▶ [EXERCISE BRIEF]:
Please output the listing below character for character and omit the images.

▶ [STORED DATA]:
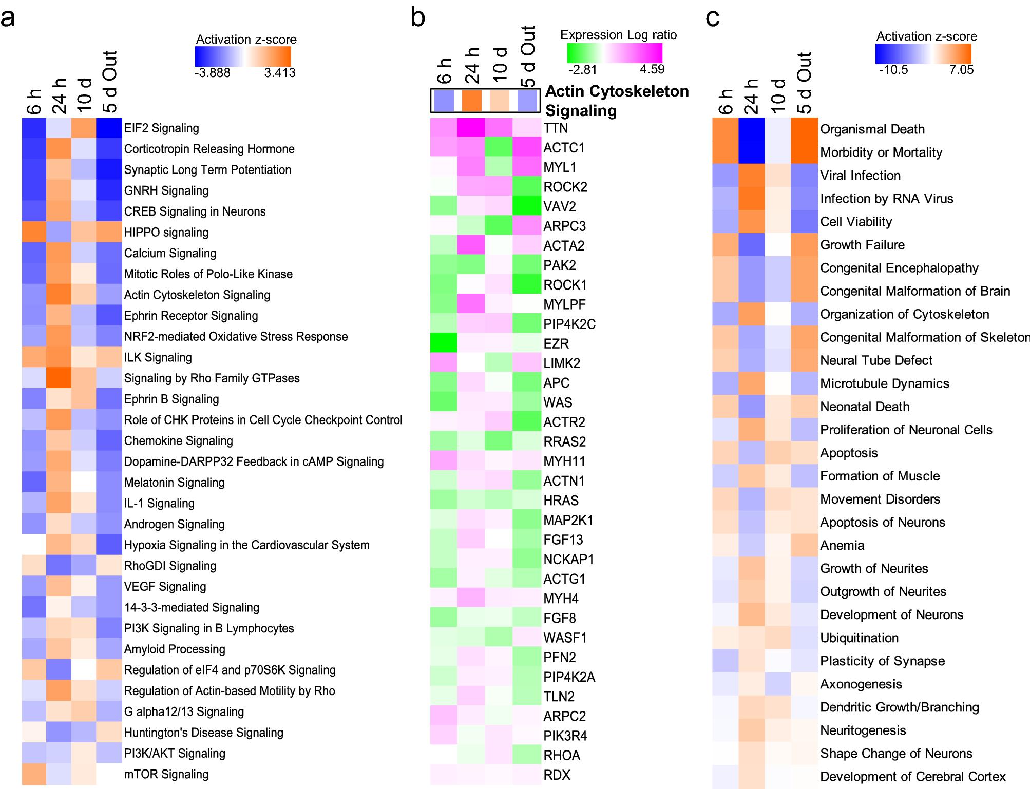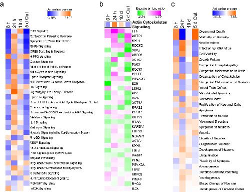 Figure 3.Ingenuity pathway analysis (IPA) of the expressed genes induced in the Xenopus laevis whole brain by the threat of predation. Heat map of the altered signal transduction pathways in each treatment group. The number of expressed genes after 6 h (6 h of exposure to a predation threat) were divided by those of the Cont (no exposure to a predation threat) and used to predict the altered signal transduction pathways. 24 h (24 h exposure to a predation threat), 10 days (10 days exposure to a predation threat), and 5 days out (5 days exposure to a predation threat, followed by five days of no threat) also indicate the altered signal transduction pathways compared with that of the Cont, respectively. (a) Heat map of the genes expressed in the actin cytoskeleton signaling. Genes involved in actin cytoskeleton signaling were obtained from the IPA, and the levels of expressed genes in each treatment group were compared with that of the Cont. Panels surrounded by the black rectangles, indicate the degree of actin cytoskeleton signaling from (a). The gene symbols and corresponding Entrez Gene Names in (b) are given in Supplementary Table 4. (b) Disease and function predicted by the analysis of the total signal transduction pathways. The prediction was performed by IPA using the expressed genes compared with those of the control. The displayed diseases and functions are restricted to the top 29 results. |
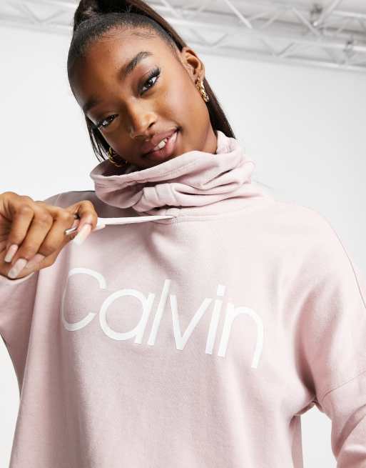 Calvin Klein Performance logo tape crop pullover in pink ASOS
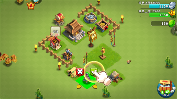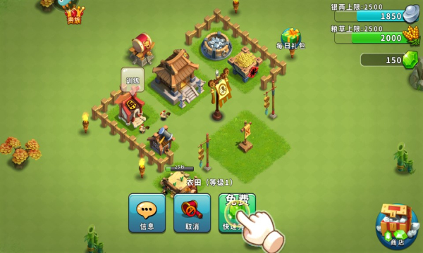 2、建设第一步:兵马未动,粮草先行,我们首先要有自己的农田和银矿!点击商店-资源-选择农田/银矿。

▶ [EXERCISE SOLUTION]:
 Figure 3.Ingenuity pathway analysis (IPA) of the expressed genes induced in the Xenopus laevis whole brain by the threat of predation. Heat map of the altered signal transduction pathways in each treatment group. The number of expressed genes after 6 h (6 h of exposure to a predation threat) were divided by those of the Cont (no exposure to a predation threat) and used to predict the altered signal transduction pathways. 24 h (24 h exposure to a predation threat), 10 days (10 days exposure to a predation threat), and 5 days out (5 days exposure to a predation threat, followed by five days of no threat) also indicate the altered signal transduction pathways compared with that of the Cont, respectively. (a) Heat map of the genes expressed in the actin cytoskeleton signaling. Genes involved in actin cytoskeleton signaling were obtained from the IPA, and the levels of expressed genes in each treatment group were compared with that of the Cont. Panels surrounded by the black rectangles, indicate the degree of actin cytoskeleton signaling from (a). The gene symbols and corresponding Entrez Gene Names in (b) are given in Supplementary Table 4. (b) Disease and function predicted by the analysis of the total signal transduction pathways. The prediction was performed by IPA using the expressed genes compared with those of the control. The displayed diseases and functions are restricted to the top 29 results. |
 Calvin Klein Performance logo tape crop pullover in pink ASOS
 2、建设第一步:兵马未动,粮草先行,我们首先要有自己的农田和银矿!点击商店-资源-选择农田/银矿。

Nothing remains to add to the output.